Read Cheating on Myself Online
Authors: Erin Downing
Tags: #Literature & Fiction, #Humor & Satire, #Humorous, #Women's Fiction, #Contemporary Women, #Contemporary Fiction, #General Humor, #Humor, #Romance
“Yes, I do have an actual list. I made it when I was fifteen.”
“The list hasn’t changed since then?”
“Not really. It was a very well thought out list. I’m thorough.”
He reached his hand behind my seat to reverse out of his spot. Before he shifted the car back into drive, he stopped and looked at me. “Was dating a medium-sized, handsome man in overalls on the list?” He asked this very seriously, but then laughed.
“Actually, no,” I said, laughing along with him.
“Then I guess it’s good I changed out of the overalls, eh?”
“Your fate would have been sealed if you’d left them on,” I teased.
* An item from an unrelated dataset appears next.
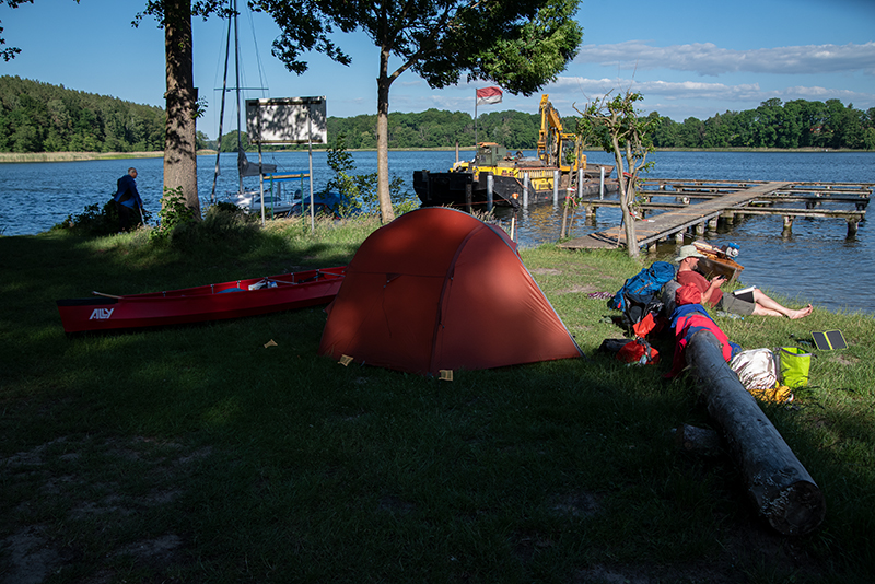 Nachdem wir die Havel verlassen haben, geht es für ein paar Kilometer über den Käbelicksee hinüber zum Camping Naturfreund an dessen Ufer wir unsere Tour beenden. Am Nachmittag gibt es eine kleine Regenpause die wir sofort nutzen und nach Kratzeburg rein laufen um uns etwas umzuschauen. Auch hier gibt es wieder einen Fischer der leckere Räucherprodukte verkauft. Das Abendbrot ist gerettet!

As we pulled out of the parking lot, I asked, “So you mean to say you don’t consider yourself grown up yet?”
“Not in the least. I play songs for children. It kinda keeps you from growing up in a lot of ways.”
“But you’re also an attorney. And divorced. Don’t both of those things have a tendency to age you?”
“Sure,” he shrugged. “But then you rinse them away and start again. It feels good to start fresh, rewind a few years, shuffle hopes and dreams and all that funny business. If I’d had a list, I would have rewritten it about thirty times by now. The life I wanted when I was fifteen would have left me stoned on someone’s couch, testing Playstation games for a living. Oh, and there would have been Cheetos. Lots of Cheetos.”
“You had big ambitions.”
“I’ve changed a lot since then.” He broke off, and I felt like there was something more he wanted to say. But it went unspoken and a moment later, we turned into a parking lot attached to a small, ramshackle-looking Mexican restaurant. “This okay?” Joe asked, noticing I was eyeing the restaurant warily.
“Sure, it’s fine. I’ve never been here before.”
“Best Mexican food north of Kansas City,” he said, opening his door. “So, Stella, how are you so confident you knew how your life should go when you were just fifteen? Don’t you ever wonder if maybe you sold yourself short?” He held the door for me, and we both stomped our icy, muddy boots on the mat inside the door. The inside of the restaurant was minimally-decorated, with plain wooden booths surrounding a few tables covered in vinyl tablecloths. The lighting was dim and sparse, and I was immediately reminded of a truck stop restaurant Erik and I had once stopped at while we were driving back from somewhere. When I was with Erik, we had promptly left any restaurant that looked like this. He refused to eat anywhere that appeared even a little bit sketchy. This place was definitely sketchy.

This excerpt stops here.